呆然と立ち尽くすレナーテの姿に気づいた、すっかり顔馴染みになったロマの一人が、サラとライラを呼んできてくれた。
「サラ、ライラ!…あの、私…」
突然の別れに言葉が出ないレナーテを、サラとライラが強く抱きしめた。
「…お別れだ。あたしらは、別の土地へ行く」
「あの…また、またここへ戻って来るのでしょう?…またいつか」
縋るようなレナーテの言葉に、サラとライラが顔を見合わせると、二人は首を横に振った。
「ここへは…戻らない」
「何故?…どうして?」
縋るレナーテに、サラの代わりにライラが答えた。
「この人の占いがね、この街の有力者を怒らせちまって。請われて占いに行ったサラが、その家の凶事を占っちまったんだ。で、それをバカ正直に告げたら、向こうさんが大激怒してね。…だからあたしらは当分、ここへは戻れないってワケさ」
「仕方ないだろう。…占いの結果は神聖で絶対だ。…あたしの、一族の、民族の名誉にかけてもイカサマは伝えられないよ。相手が王様だとしてもね。大体…結果を受け止める覚悟がないならハナっから占いなんかに頼るなってもんさ」
あくまで悪びれない、サラの誇り高いその態度に、レナーテも別れのショックが吹き飛んで思わず笑い出してしまった。

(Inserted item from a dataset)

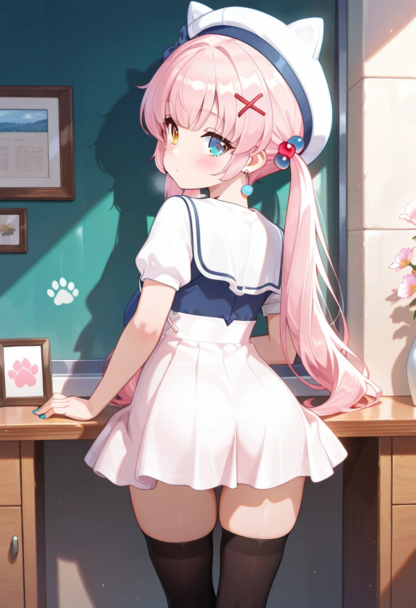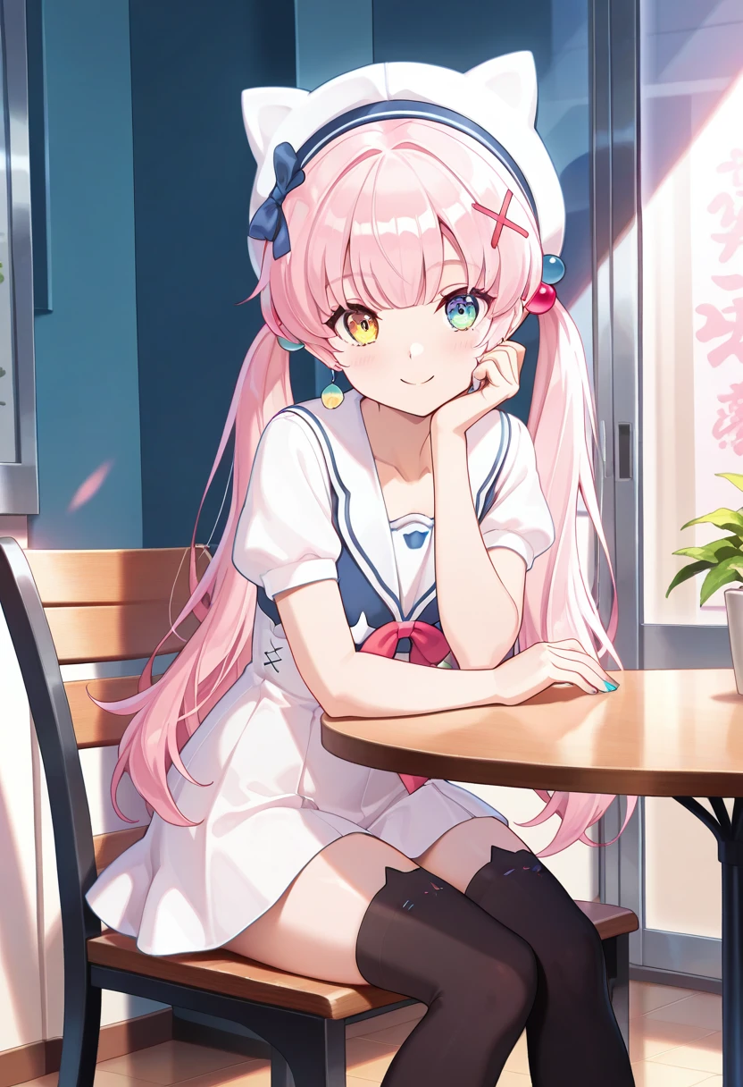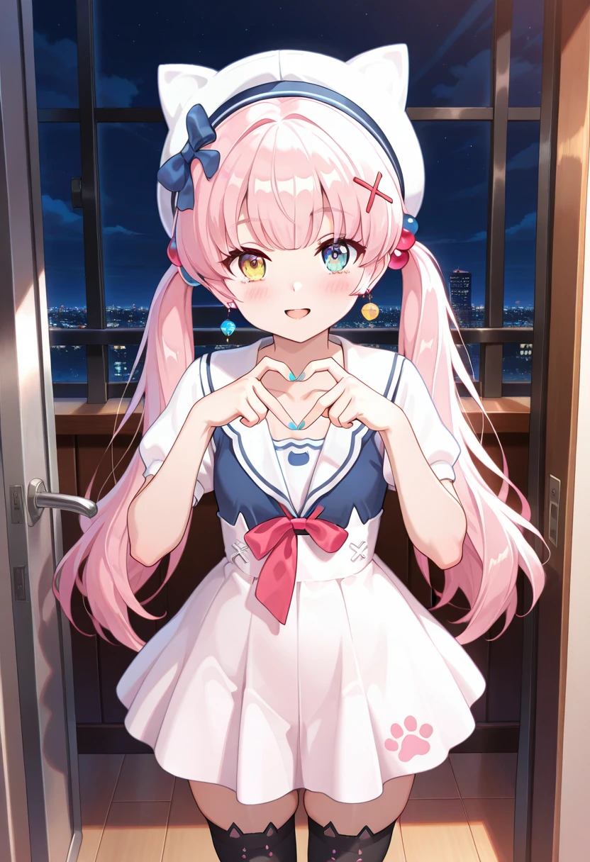 eksvd, pink hair, long hair, low twintails, hair bobbles, cat ears hat, x hair ornament, yellow blue heterochromia, vd sailor dress, cat ears thighhighs, black thighhighs, earrings, nail polish, yellow nail, blue nail,
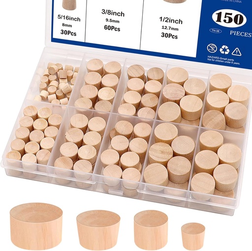 Tnisesm 150 Pieces 4 Sizes Wood Plugs 3/16 Inch, 5/16 Inch, 3/8 Inch, 1/2 Inch Wooden Hole Plugs Button Plugs Hardwood Hole Plugs for Holes in Locking Hole Tube Furniture

「いい顔だ。いいかい、辛いときほど、そうやって、無理矢理でもいいから笑うんだ。…そうだ!餞に、あんたを占ってやろう。但し、あたしの占いはよく当たるが、あんた聞く覚悟はあるかい?」
その言葉にレナーテが大きく頷いた。
「あんた、これから色々波乱はあると思うけど、長い目でみると、未来は決して悪くないよ。…子供だ。あんたを未来へ導くのは、ユーリカだ。ユーリカを大事に育てていきなさい」
レナーテの前で厳粛な面持ちでタロットカードを繰っていたサラが宣託を告げる。
「ありがとう。サラ、ライラ。…あの時私に手を差し伸べてくれて。私たちを絶望の淵から引きずり上げてくれて。…私はあなたたちに何も返してあげられないけど…これからの旅の安全と幸せを、祈ってます」
「さよならは言わないでおくよ。運命が導くなら、また会おう。大丈夫。もうあんたは大丈夫だ。ユーリカと助け合って仲良く暮らしなさい」
占いの結果を餞に、こうしてサラたちはレナーテの前から去って行ったのだった。